我们明白那几位生病的武警发生了什么,不说话,专心地听着。
“当天中午,丧尸再一次袭击了我们,这些丧尸里,就有我们的同事及其家属,只能含着泪开枪把他们击毙了。下午,上级指示我们去把群众撤离到安全区,我们的队伍在掩护群众时遭遇了几十只特殊的丧尸袭击,这些丧尸跑得比普通丧尸更快,并且我们也看到了部分丧尸手里会拿着刀或者棍之类的武器来攻击我们,撤离的群众很快就被吓得跑起来了,但我们身后就是人民百姓,我不能跑,至少民众安全了我才会走,我就开枪,它们真的很快,我们看过丧尸片,知道要打头,但是丧尸快的让我们难以瞄准,一轮射击只打死6个,但至少民众在我们的保护下安全得撤走了。”
“你是怎么和队伍走散的呢?”
“嘛…民众撤走后我们就跑了,由于我在队伍后面,我就自己留下来去阻挡那些跑尸,我射杀了几只近的,然后翻越人行道的护栏,丧尸穷追不舍,但是它们不会翻护栏,被挡了一定时间,我借机跑走了,然后就发现了这个婴儿,就抱起来带走了,在附近找到了宋岳庭正在清理几只丧尸,就组团一起了,然后就遇到了你们。”
“臻哥”
“嗯?干嘛?”
“你真的只是一个高二学生吗?怎么会的有点多啊。”
“是,我只是闲着无聊喜欢逛生存吧和乱七八糟的东西看,哪些能用我用哪个。”
“那你分析一下丧尸吧”
“嗯…目前有跑尸和普通丧尸,丧尸手里会拿着武器,我不确定丧尸会不会开枪或者射箭,如果会,太可怕了。然后嘛感染了丧尸病毒的症状之一是发高烧,死人可以复活。复活后的人,体质好像都比原先强了一些,比如跑步和力量,但是这是怎么做到的?”
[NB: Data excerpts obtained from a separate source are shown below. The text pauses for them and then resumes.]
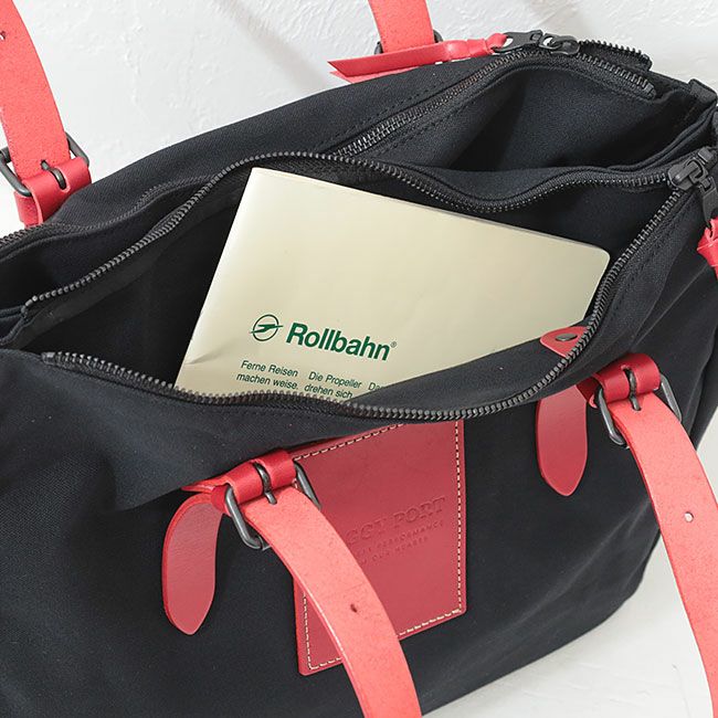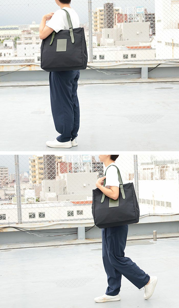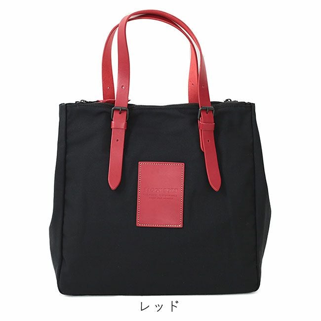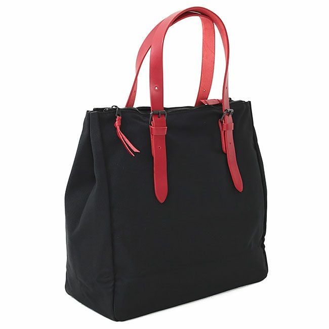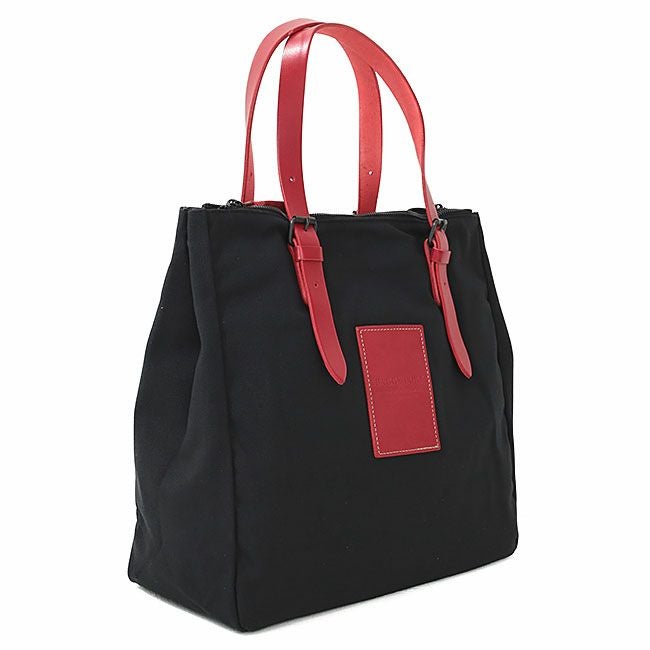 ブラックの帆布をベースに持ち手とロゴパーツの牛ヌメ革で色展開しています。
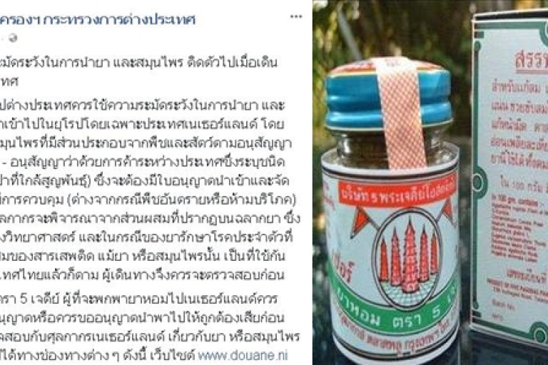 จากกรณีที่เฟซบุ๊กกองคุ้มครองและดูแลผลประโยชน์คนไทยในต่างประเทศ กระทรวงการต่างประเทศ เผยแพร่ข้อมูลว่า ปัจจุบันเจ้าหน้าที่ศุลกากรเนเธอร์แลนด์ มีความเข้มงวดในการปฏิบัติตามกฎระเบียบที่เกี่ยวข้องกับการนำเข้าของเนเธอร์แลนด์และของสหภาพยุโรป
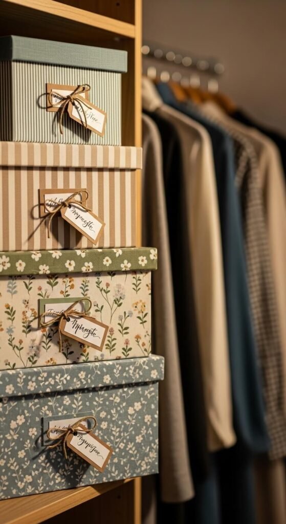 Wrap with contact paper or glue fabric using spray adhesive. Choose patterns matching your closet colors. Label each box clearly.
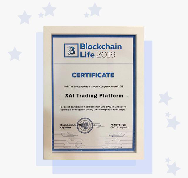 Blockchain Life 2019 Asia is one of the most prestigous events in the global blockchain industry. It is a forum that has a sensational impact on the internaional encryption market, global blockchain development as well as the global digital economy. Its aim is to bring together the world's most forward thinking elites in a platform that explores industry trends, cutting-edge technology as well as promotes socializing and strategic collaborations. XAI Trading Platform was awarded with the most potential certificate, marking its recognition by industry authorities of the global financial technology industry.
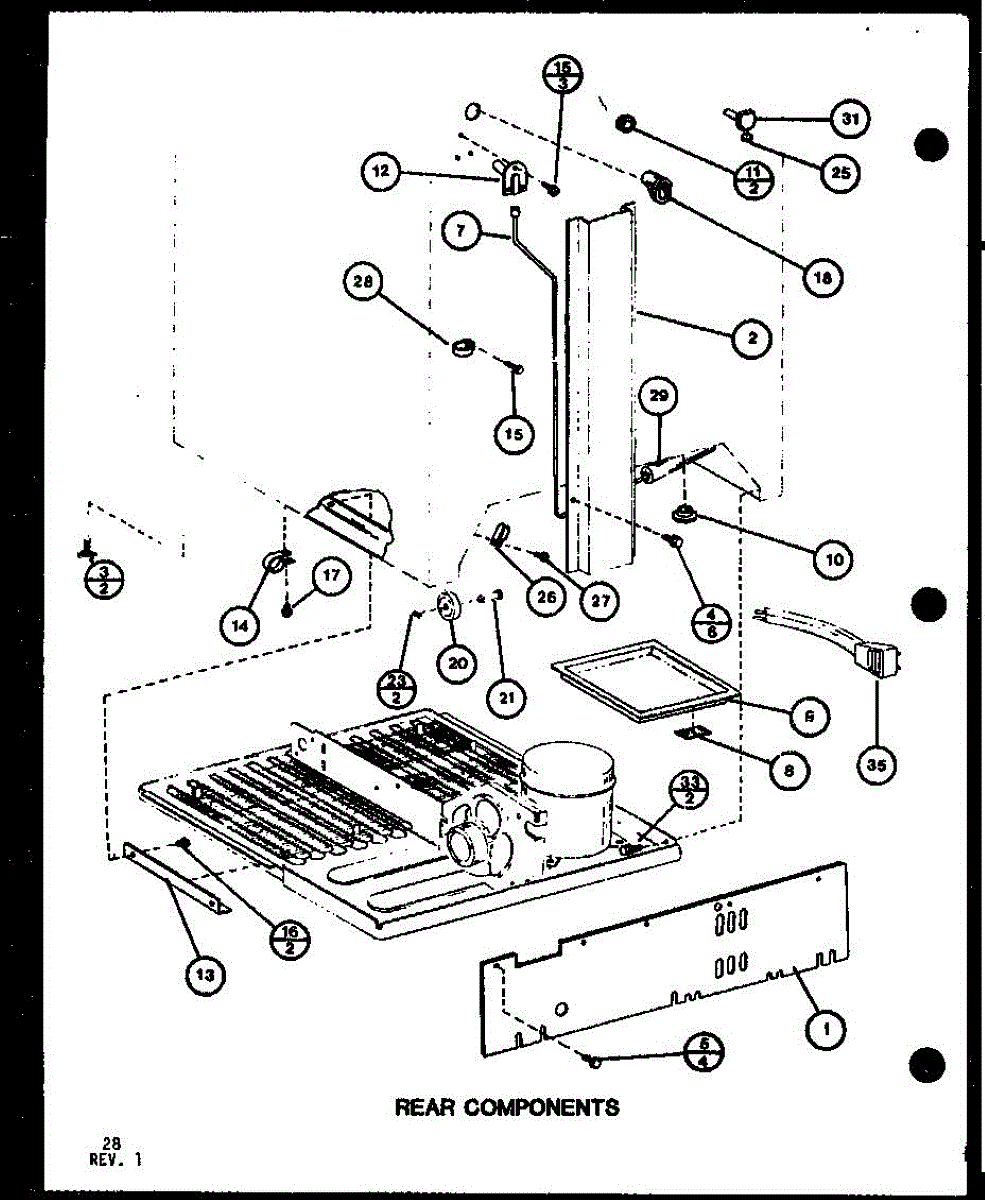 This factory screw secures appliance components to their mounting points. Replace missing, worn, or stripped hardware to restore a tight fit, proper alignment, and quieter operation across the affected assembly.

楚警官皱了皱眉:“你要分析丧尸?我这有医院对那批病人的相关资料”说完从宋岳庭背的包里取出来了一个文件袋“给你,看看吧。”我接过文件,认真分析着。
分析完,我放下了文件,楚警官问我:“你分析出了什么,分享分享。”我开口:“我用我自己的话解释吧,丧尸有两种状态,一个是死前,一个复活后。死前的丧尸,就是病人,普通的患者,会出现失眠,高烧,躁狂,精神错乱,流口水,食欲大增,肠胃炎,自食症和食人症,接着就是昏迷,然后因为急性脑炎死去。复活后,神经系统细胞重构,并且复活重要器官的坏死细胞,让大脑厌氧复苏破坏人格和自主意识,这文件上只有这些内容。看样子这不是简单的病毒。”
听完,众人沉默,无人应答,也不再讨论,可能是在思考刚刚那些话吧,因为太安静,不久就睡着了。